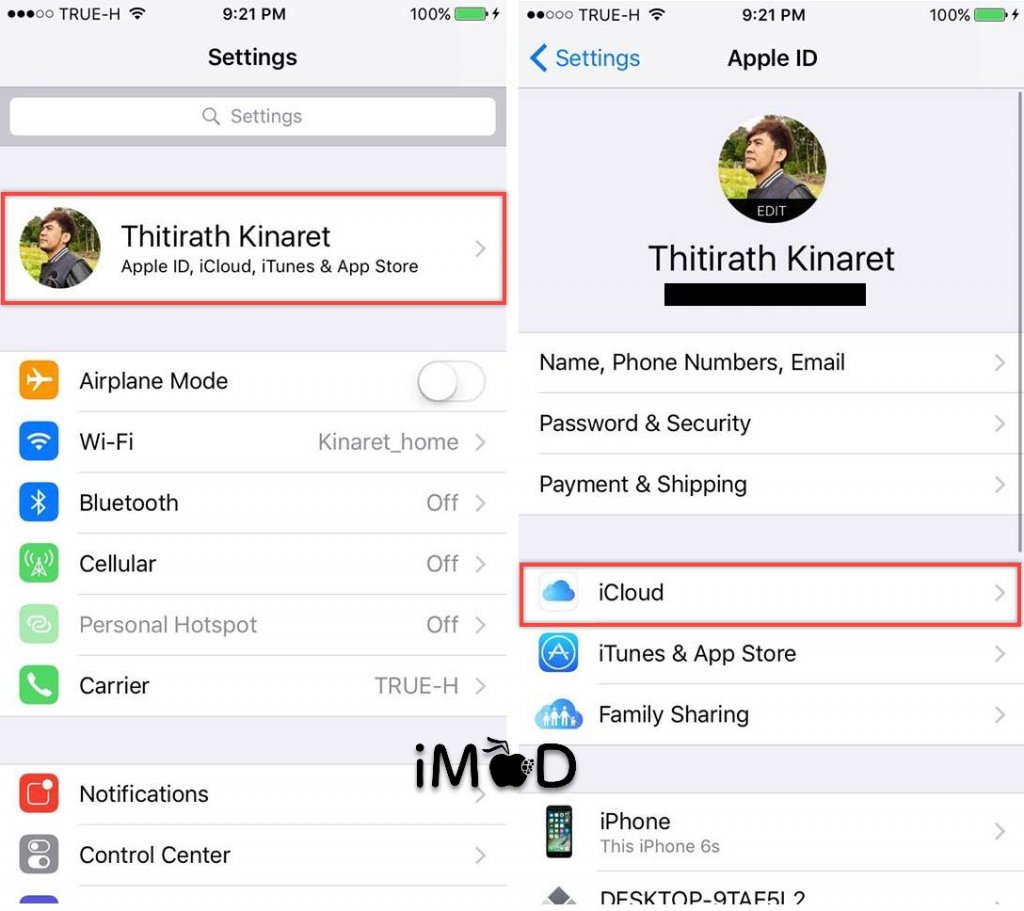 ไปที่ Settings > แตะที่ชื่อ Apple ID, iCloud, iTunes & App Store iCloud
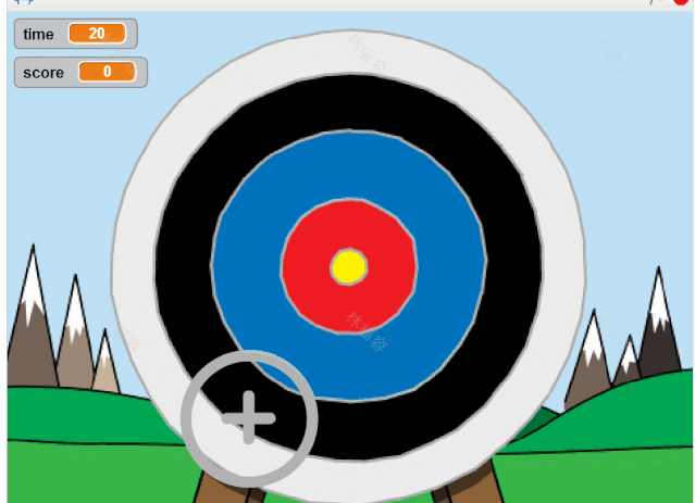 通过Scratch软件,设计一个射击小游戏程序,加深对条件语句的了解。在射击游戏中,越靠近靶心的射击分数越高。
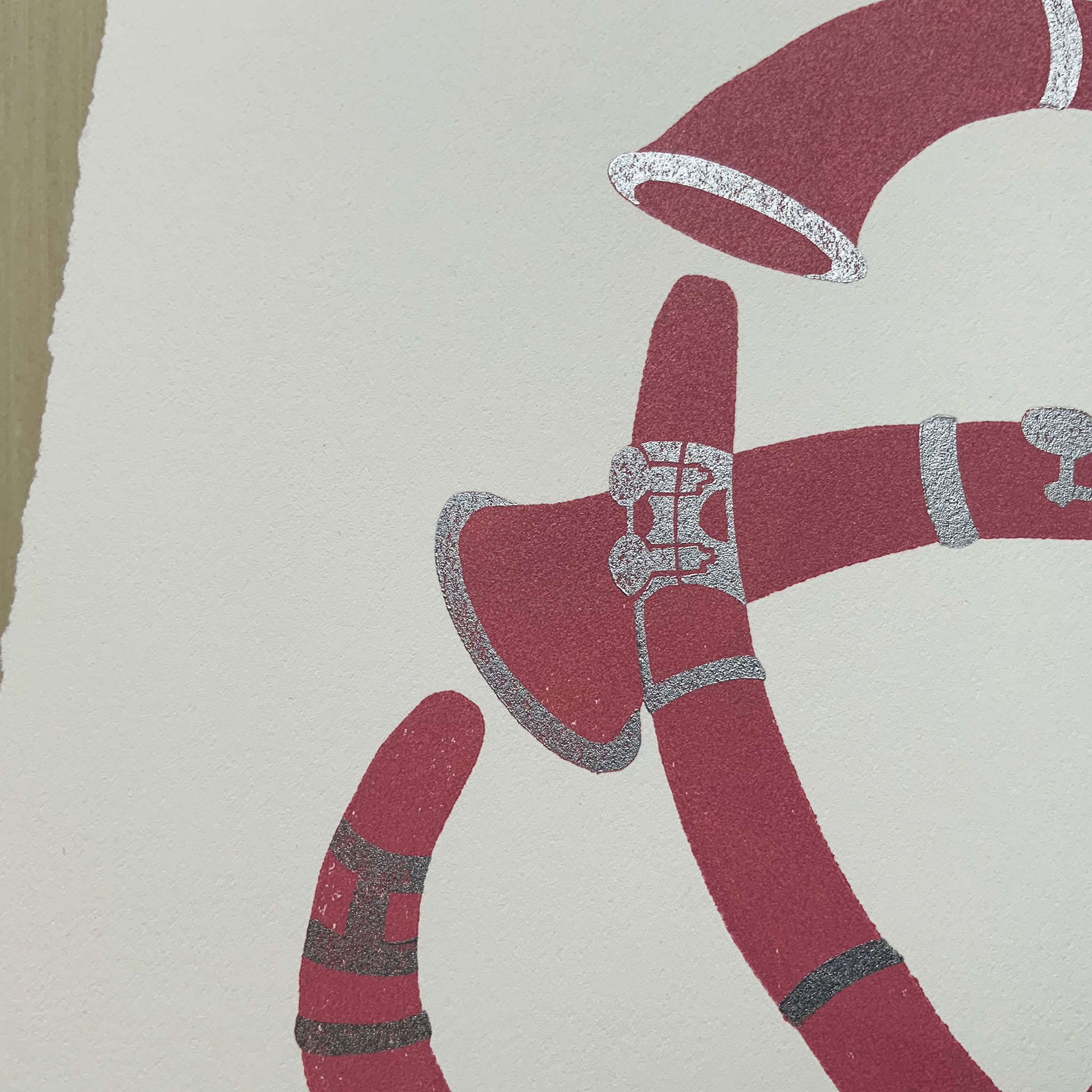 Printed with pink and metallic silver oil-based inks on robust, 100% cotton Legion Stonehenge paper with a hand-torn or deckled (feathered) edge. The metallic silver ink subtly reflects the ambient light.
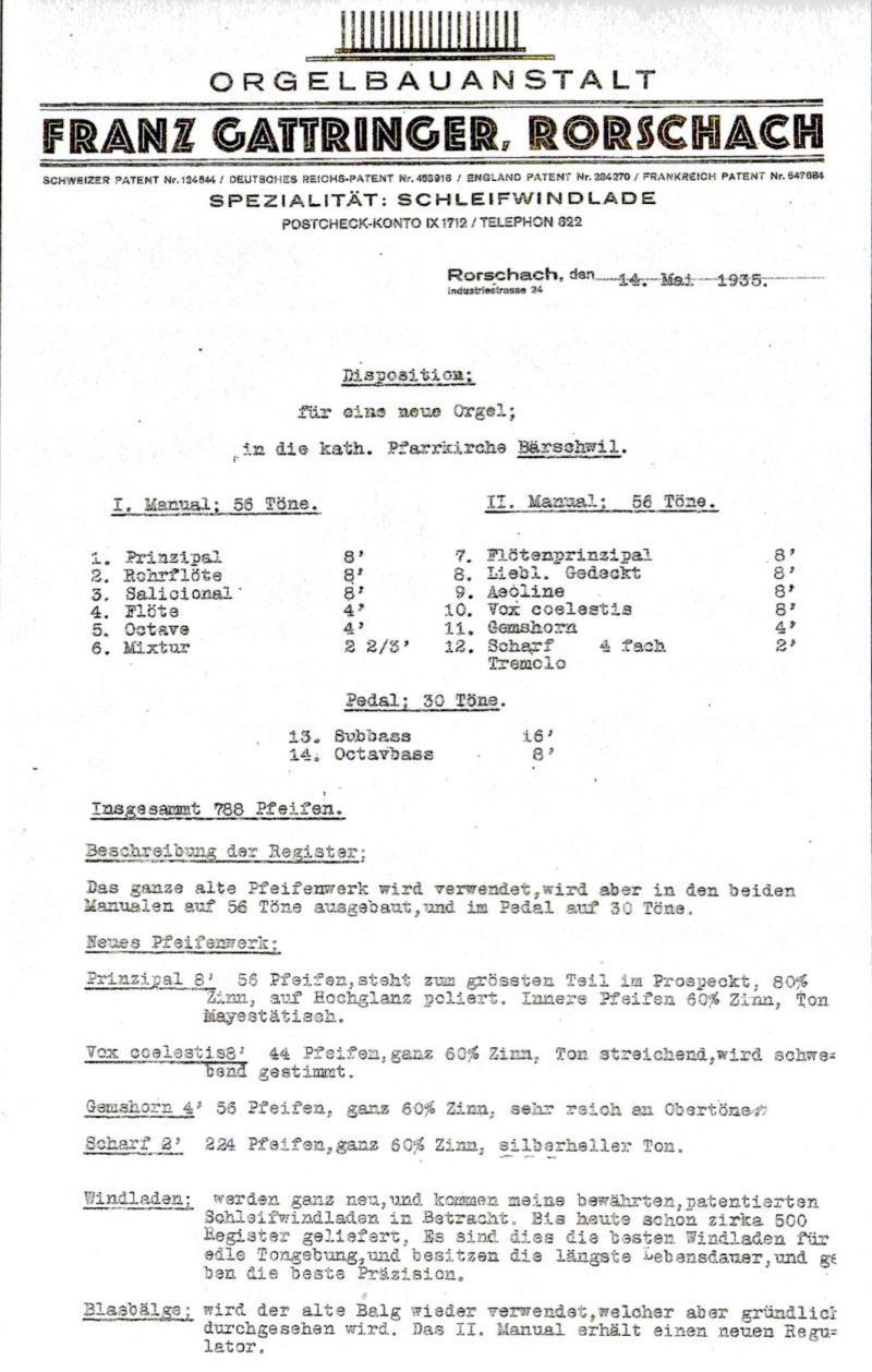 2 Manualen und Pedal. Gemäss Vertrag Gattringer wurden das
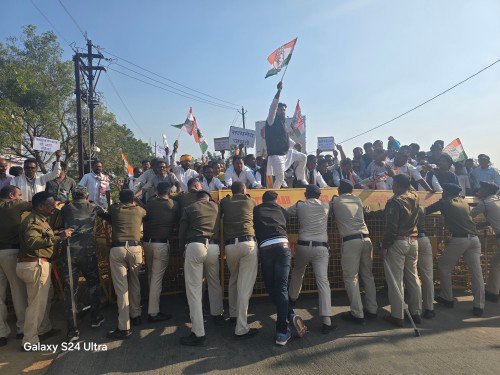 गरियाबंद में सियासी भूचाल कोर्ट से मिली राहत तो सड़कों पर उतरा कांग्रेस का सैलाब भाजपा दफ्तर का घेराव ।
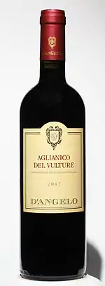 Aglianico (English: /ælˈjænɪk/ al-YAN-ik-oh,[1] Italian: [aʎˈʎaːniko]) is a black grape grown in the southern regions of Italy, mostly Basilicata and Campania. It is considered with Sangiovese and Nebbiolo to be one of the three greatest Italian varieties.[2] Aglianico is sometimes called "The Barolo of the South" (il Barolo del Sud) due to its ability to produce highly refined, complex fine wines like the famous wine from Piedmont, Barolo.[3]
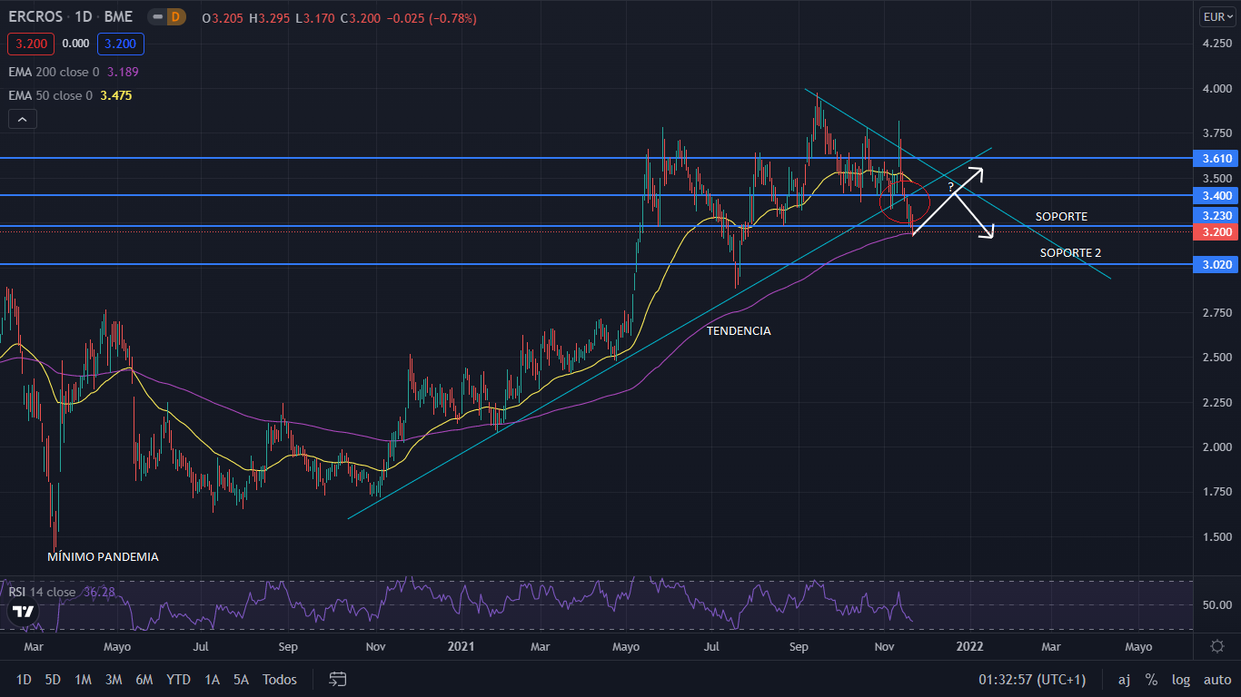 A nivel técnico, desde el mínimo de marzo de 2020, Ercros ha crecido hasta un 180% (un 127% actualmente) y situándose a un 73% de su máximo histórico. Actualmente el precio ha perdió la tendencia alcista, y se sitúa sobre el soporte de los 3,23 euros. Para el corto plazo, dicha caída en primera instancia la tomaríamos como una corrección en el precio, por lo que Ercros rebotaría en el soporte actual, e iría a buscar los 3,40 euros. Añadir que el precio podría caer hasta el soporte de los 3,02 euros, antes de volver a alcista. Para medio plazo, si sus resultados al cierre del ejercicio de 2021, cumple con sus estimaciones, el precio volvería a alcista de cara al inicio del año 2022.
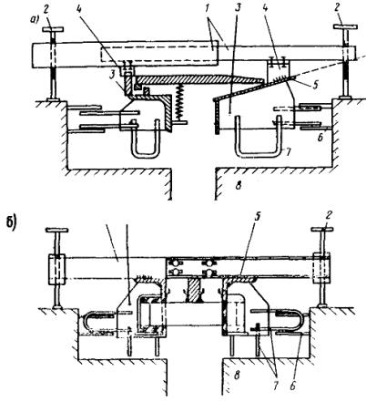 Рис. 5. Примеры конструкций деформационных швов с гребенчатыми плитами скользящего (а) и консольного (б) типов:
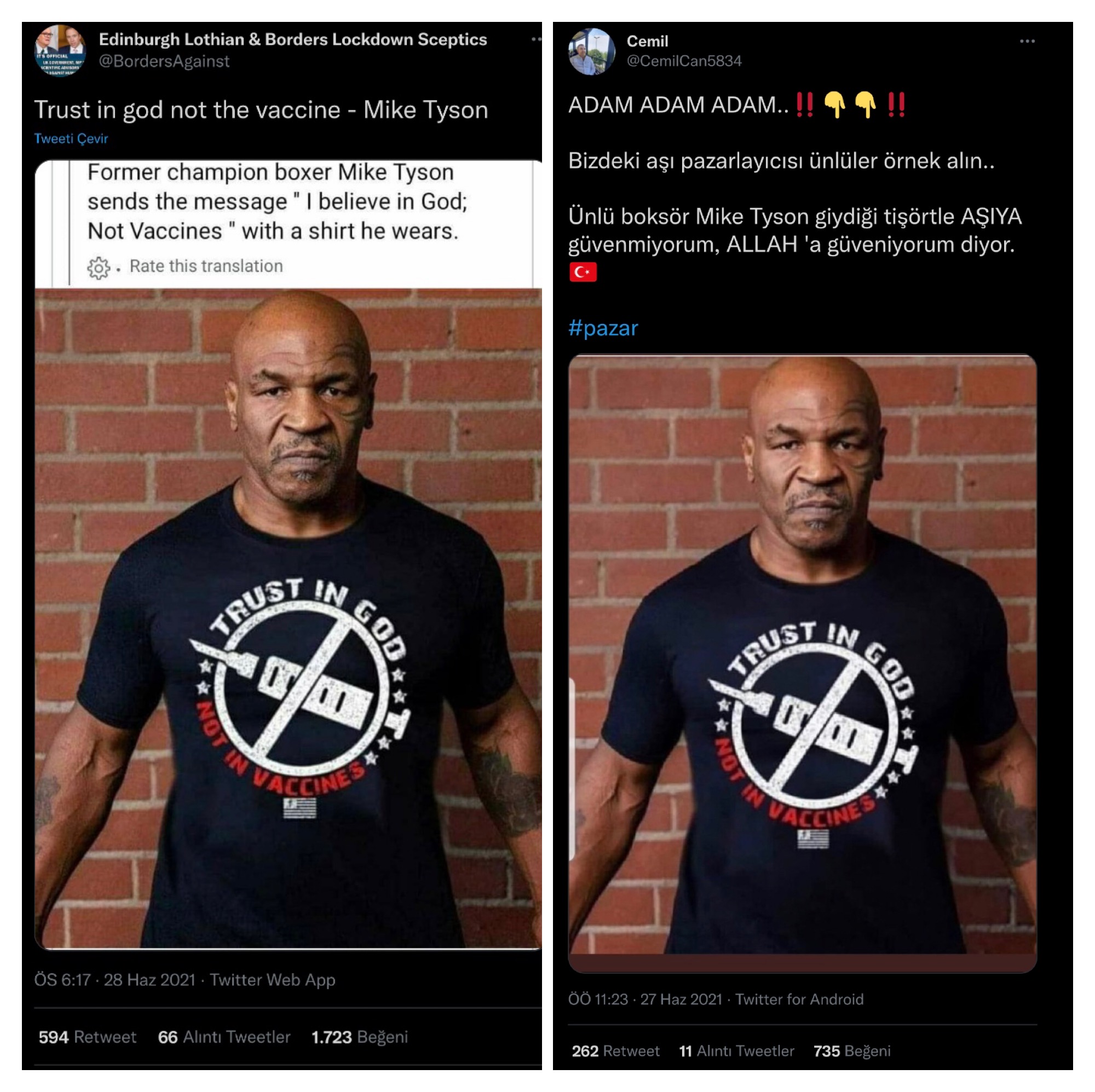 Yerli ve yabancı birçok haber mecrasında ve sosyal medya platformlarında paylaşılan, dünyaca ünlü boksör Mike Tyson’ın “Tanrıya güveniyorum, aşılara değil” yazılı tişörtü ile aşı karşıtı mesaj vermek için poz verdiği iddia edilen fotoğrafı gündem oldu. İlgi uyandıran fotoğraf aşı karşıtları tarafından sözde örnek davranış olarak kabul ederek büyük oranda destek aldı. Sosyal medya kullanıcıları beğeni ve yorumlar ile Tyson’ın aşılara karşı mücadelesini takdir etti. Tyson hayranları ve onu yakından takip edenler ise fotoğrafın geçmişe ait olduğunu ve tişörtünde farklı bir baskı bulunduğunu iddia etti. Tyson tişörtü ile aşı karşıtı bir propaganda yapmış olabilir mi? Tüm iddiaları araştırarak ve her açıdan değerlendirerek gerçeği sizler için araştırdık.
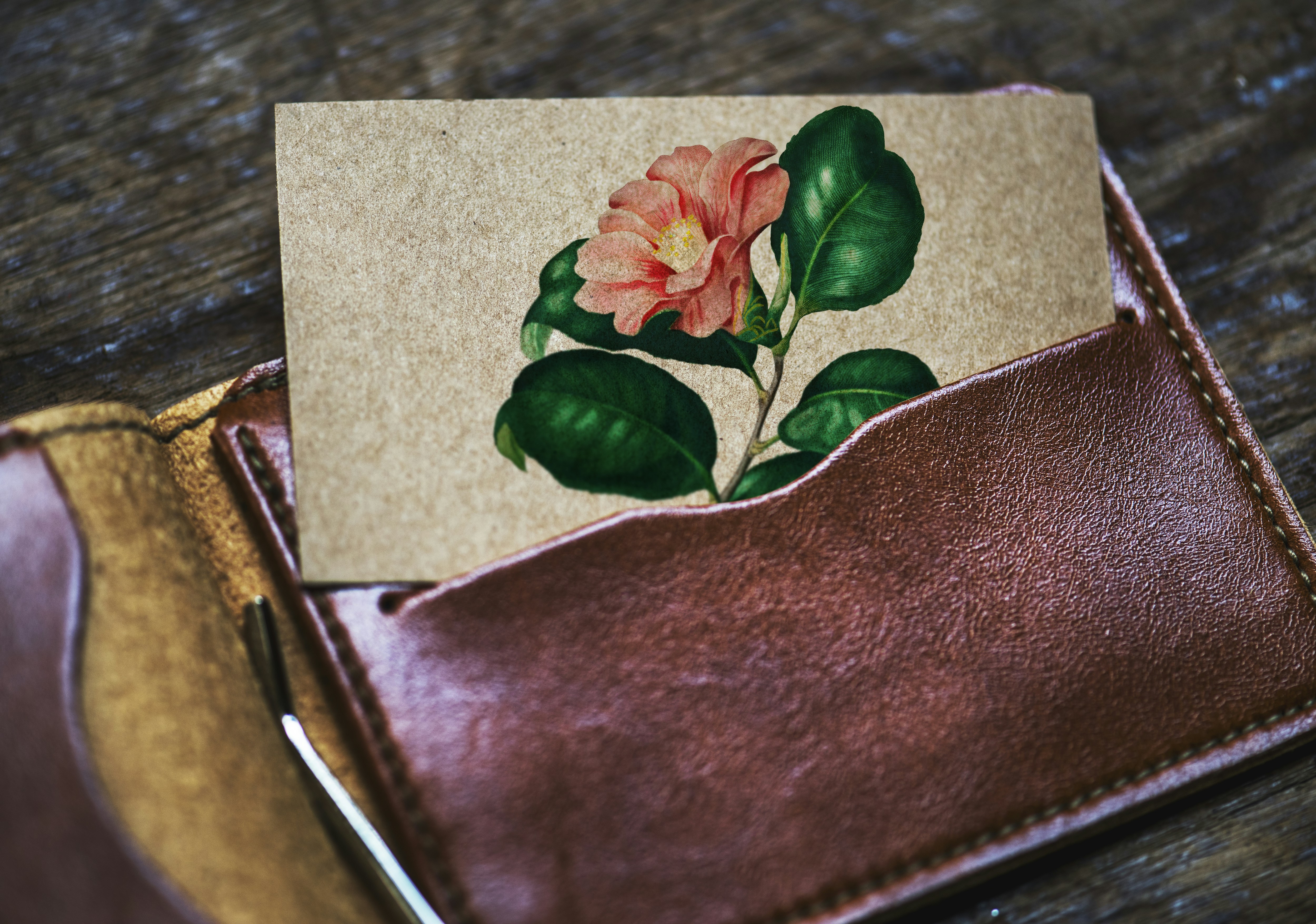 橙色花瓣印刷卡在打开的棕色皮革双钱包
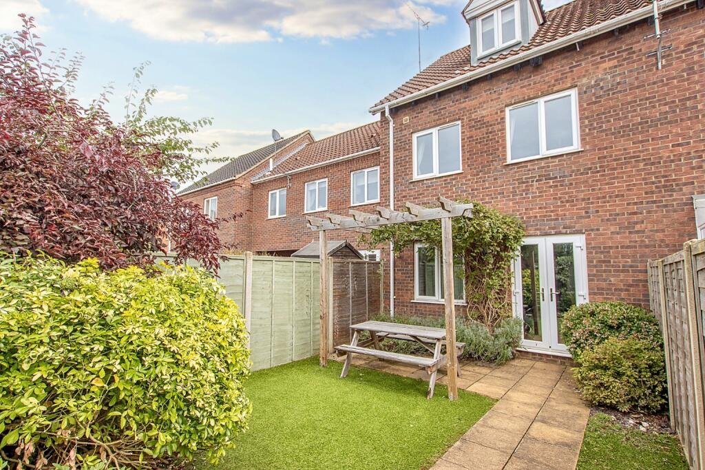 the property is approached over a short pathway with planted flower beds either side of the front door. The rear garden enjoys a west-facing orientation, with afternoon and evening, as well as sunset views. The garden has been laid to artificial turf and paving for ease of maintenance, along with a timber pergola. From the garden, there is a side door into the garage, which has an up and over door leading to the block-paved parking area, which provides parking space for one vehicle and also has a gate leading back into the garden.
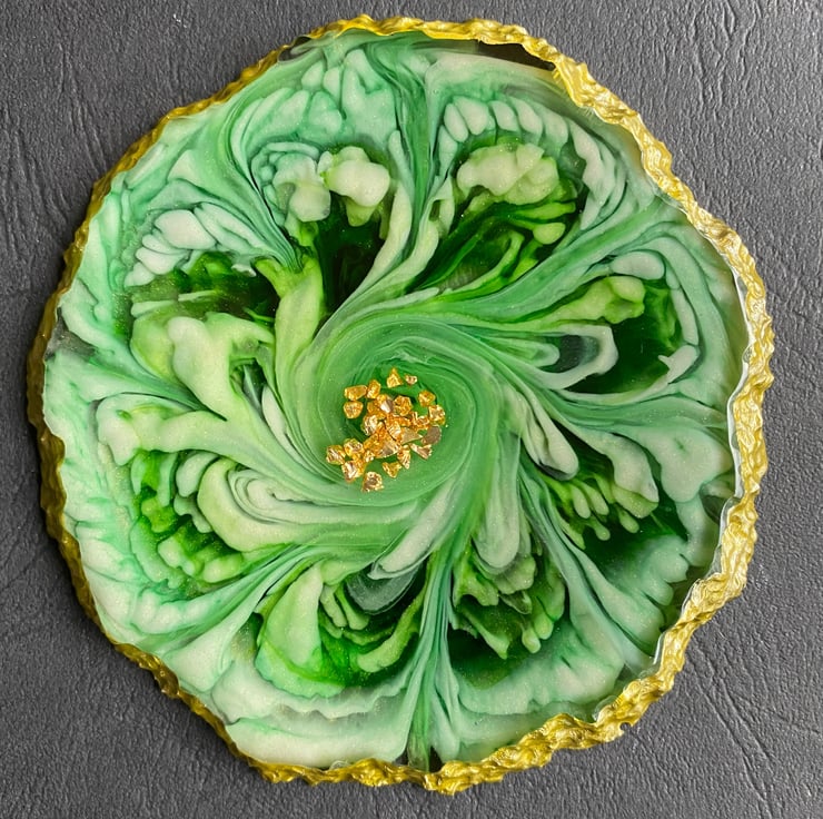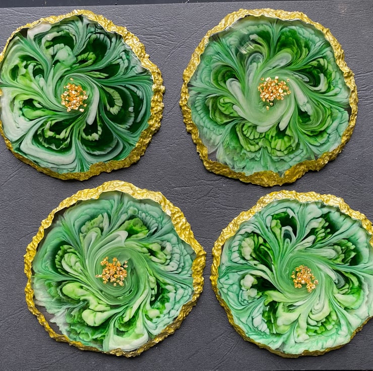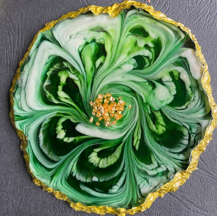I love the combination of nature inspired and colour. The coasters are made in a geode resin mould and blended with the greens and white to produce the pattern and highlighted with gold.
#####
TASK TO CARRY OUT
In the listing above, find the line containing "通过Scratch软件,设计" and the line containing "गरियाबंद में सियासी", then output those two lines and everything between them exactly as written, without the images.

EXERCISE OUTPUT
 通过Scratch软件,设计一个射击小游戏程序,加深对条件语句的了解。在射击游戏中,越靠近靶心的射击分数越高。
 Printed with pink and metallic silver oil-based inks on robust, 100% cotton Legion Stonehenge paper with a hand-torn or deckled (feathered) edge. The metallic silver ink subtly reflects the ambient light.
 2 Manualen und Pedal. Gemäss Vertrag Gattringer wurden das
 गरियाबंद में सियासी भूचाल कोर्ट से मिली राहत तो सड़कों पर उतरा कांग्रेस का सैलाब भाजपा दफ्तर का घेराव ।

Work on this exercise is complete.